Moreover, through the design of the notch 210, when the supporting body 24 is formed, the supporting body 24 is formed in the notch 210 to strengthen the combination between the supporting body 24 and the first substrate 21, thereby being beneficial to clamping and fixing the supporting body 24 and avoiding the supporting body 24 from being separated from the first substrate 21.

The present invention also provides an electronic package 2 comprising: a first substrate 21, a second substrate 22 and at least one support 24.

The first substrate 21 has an antenna structure 211 and a stop portion 23 disposed at an edge of the first substrate 21.

The second substrate 22 has a circuit layer 220, and the first substrate 21 is stacked on the second substrate 22 via a plurality of conductive elements 28.

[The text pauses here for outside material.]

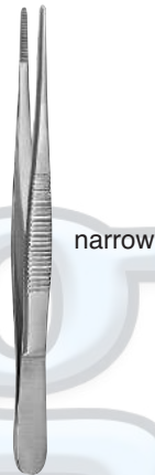
Dressing forcep narrow 14,5 cm (1Pc) STANDARD

The supporting body 24 is formed between the first substrate 21 and the second substrate 22 and extends to contact the stopping portion 23, so that the supporting body 24 is fixedly connected to the first substrate 21 and the second substrate 22, and the supporting body 24 is not electrically connected to the first substrate 21 and the second substrate 22.

In one embodiment, the first substrate 21 defines a first surface 21a, a second surface 21b and a side surface 21c adjacent to the first and second surfaces 21a,21b, and the side surface 21c of the first substrate 21 has at least one notch 210 communicating the first surface 21a and the second surface 21b, and the wall surface of the notch 210 is stepped to be a stop portion 23, and the support body 24 is clamped in the notch 210.

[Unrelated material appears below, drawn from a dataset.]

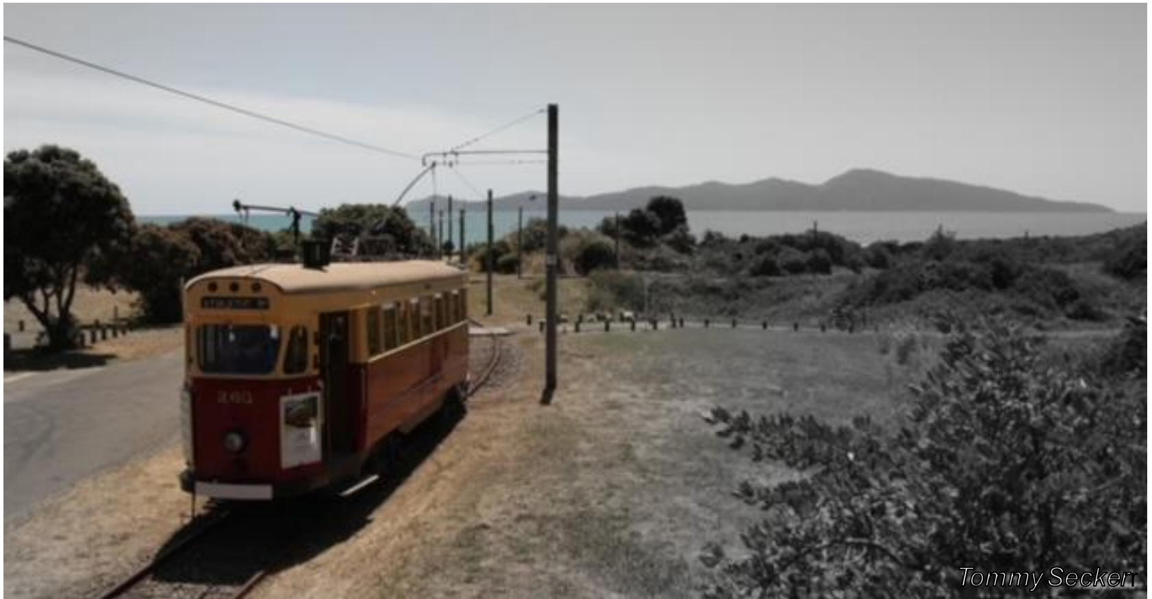
Fiducia tram and Kapiti Island

In one embodiment, the surface of the first surface 21a of the first substrate 21 is an insulating protection layer 213, and a side edge of the insulating protection layer 213 is stepped to serve as the stopper 33.

In one embodiment, a protruding bump is formed on the first surface 21a of the first substrate 21 to serve as the stopping portion 43.

In one embodiment, the supporting body 24 protrudes from the side surface 21c of the first substrate 21.

In one embodiment, the supporting body 24 is a thermosetting adhesive material.

In one embodiment, the electronic package 2 further includes an electronic component 20 disposed on the second substrate 22. Further, the second substrate 22 has a first side 22a and a second side 22b opposite to each other, the first substrate 21 is stacked on the first side 22a of the second substrate 22, and the electronic component 20 is disposed on the second side 22b of the second substrate 22.

In one embodiment, the second substrate 22 further has an antenna portion 221 for inducing the antenna structure 211.

In summary, the electronic package and the manufacturing method thereof of the present invention, through the design of the supporting body, the distance between the first substrate and the second substrate can be kept unchanged after the high temperature process, so the electronic package of the present invention can ensure the normal function of the antenna structure, and thus can ensure that the product yield meets the expectation.

The foregoing embodiments are merely illustrative of the principles and utilities of the present invention and are not intended to limit the invention. Any person skilled in the art can modify the above-described embodiments without departing from the spirit and scope of the present invention. Therefore, the scope of the invention should be determined from the following claims.